As more electronic circuits are included on a single die, the power dissipated by a single die continues to increase. In order to keep the temperature of a single IC (integrated circuit) at a reasonable temperature, many techniques have been used. For example, elaborate cooling fins have been attached to the substrate of ICs. Also, fans have been positioned near a group of IC's to cool them. In some cases, liquids have been used to transfer the heat produced by ICs. These solutions can be costly and may require a great deal of space, where space is at a premium.
In addition, the cost to air condition rooms where many computers are stored can be costly. Another problem created by ICs consuming more and more power is that in some cases not enough power can be supplied to a computer system through a single-phase power source. In order to supply enough current for this type of computer system, more costly three-phase power is required. If the power used by ICs can be reduced while still achieving higher levels of integration, the cost and area of devices that use ICs may be reduced.

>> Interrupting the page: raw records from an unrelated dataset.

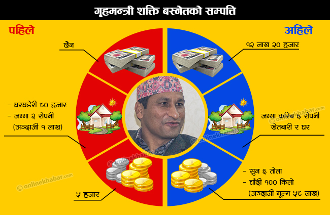 एमाओवादी नेता एवं गृहमन्त्री शक्ति बस्नेतको सम्पति विवरण पनि उस्तै रोचक छ । जनयुद्धकालमा पार्टीलाई सम्पत्ति बुझाउने बेलामा बस्नेतले आफूसँग पाँच हजार रुपैयाँको सुनचाँदी रहेको विवरण उल्लेख गरेका थिए ।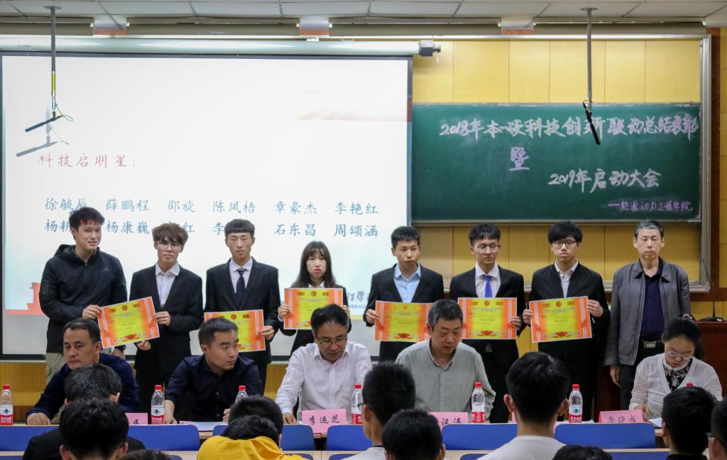 为增强能动学子创新创业能力,充分发挥优秀研究生在本科生群体中的先锋带头作用,5月24日下午7点半能源动力工程学院在09302举办了2018年本硕科技创新联动总结表彰暨2019年启动大会。出席本次大会的嘉宾有院党委书记李运芝、院长刘汉涛、副院长张翼、副院长胡胜亮、院团委书记李晓彧、学生科科长叶增民、辅导员乔洋老师。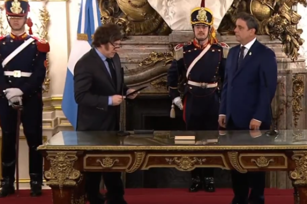 Catalán juró este mediodía en el Salón Norte en una breve ceremonia con la presencia de su círculo más cercano y, de esta forma, el Poder Ejecutivo instrumentó la creación del Ministerio del Interior contemplada en el decreto de Necesidad y Urgencia (DNU) número 658/2025.

As the size of microprocessors continues to grow, the size of the cache memory that is often included on a microprocessor chip may grow as well. In some applications, cache memory may utilize more than half the physical size of a microprocessor. As cache memory grows so does power consumption.

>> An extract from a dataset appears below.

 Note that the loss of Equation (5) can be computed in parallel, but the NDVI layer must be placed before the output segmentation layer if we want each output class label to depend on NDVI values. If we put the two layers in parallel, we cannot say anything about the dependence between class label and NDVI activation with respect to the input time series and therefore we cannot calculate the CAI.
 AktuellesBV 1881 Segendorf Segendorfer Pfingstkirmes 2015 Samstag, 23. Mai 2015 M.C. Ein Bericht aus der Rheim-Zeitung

On-chip cache memory on a microprocessor is usually divided into groups: one group stores data and another group stores instructions. The group that stores data is usually called a data cache (dcache). The group that stores instructions is usually called an instruction cache (icache).

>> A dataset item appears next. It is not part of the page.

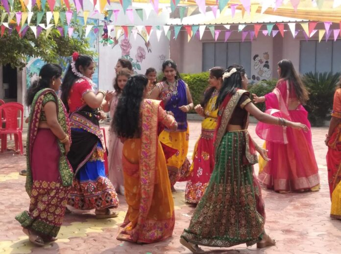नेवासा फाटा( जनता आवाज वृत्तसेवा ):-नेवासा फाटा येथील नामांकित रोझलँड सी.बी.एस. ई. स्कूलमध्ये नवरात्रीनिमित्त महिला पालकांसाठी गरबा, दांडिया आणि खेळ पैठणीचा आयोजित करण्यात आला. यामध्ये सर्व महिला पालकांनी गुजराती आणि राजस्थानी पोशाख परिधान करून मोठ्या उत्साहाने सहभाग घेऊन गरबा आणि दांडिया चा आनंद घेतला.

There is a need in the art to reduce the power consumed on microprocessors. An embodiment of this invention specifically addresses power consumption in a microprocessor's instruction cache. In order to provide a sufficient supply of instructions to a modern super-scalar processor, the processor's instruction cache is typically accessed every cycle. For a first level cache access, an access typically requires accessing multiple cache ways along with their tags. The tags are compared to the access address to determine which cache way has the correct information, and then the correct information is forwarded to the execute engine of the microprocessor. The cache ways that did not have the correct information were still accessed, but their instructions were not used. This type of aggressive implementation consumes significant power on a microprocessor.
One embodiment of this invention reduces the power consumed by a multiple-way instruction cache by monitoring when the next icache instruction is guaranteed to be in the same cache line and thus the same cache way as the current access. When the next icache instruction is in the same cache line as the current access, control logic signals all other cache ways to not access their information. By not accessing information from the cache ways that don't contain the required cache line, power is reduced. A detailed description of one embodiment of this invention is described later.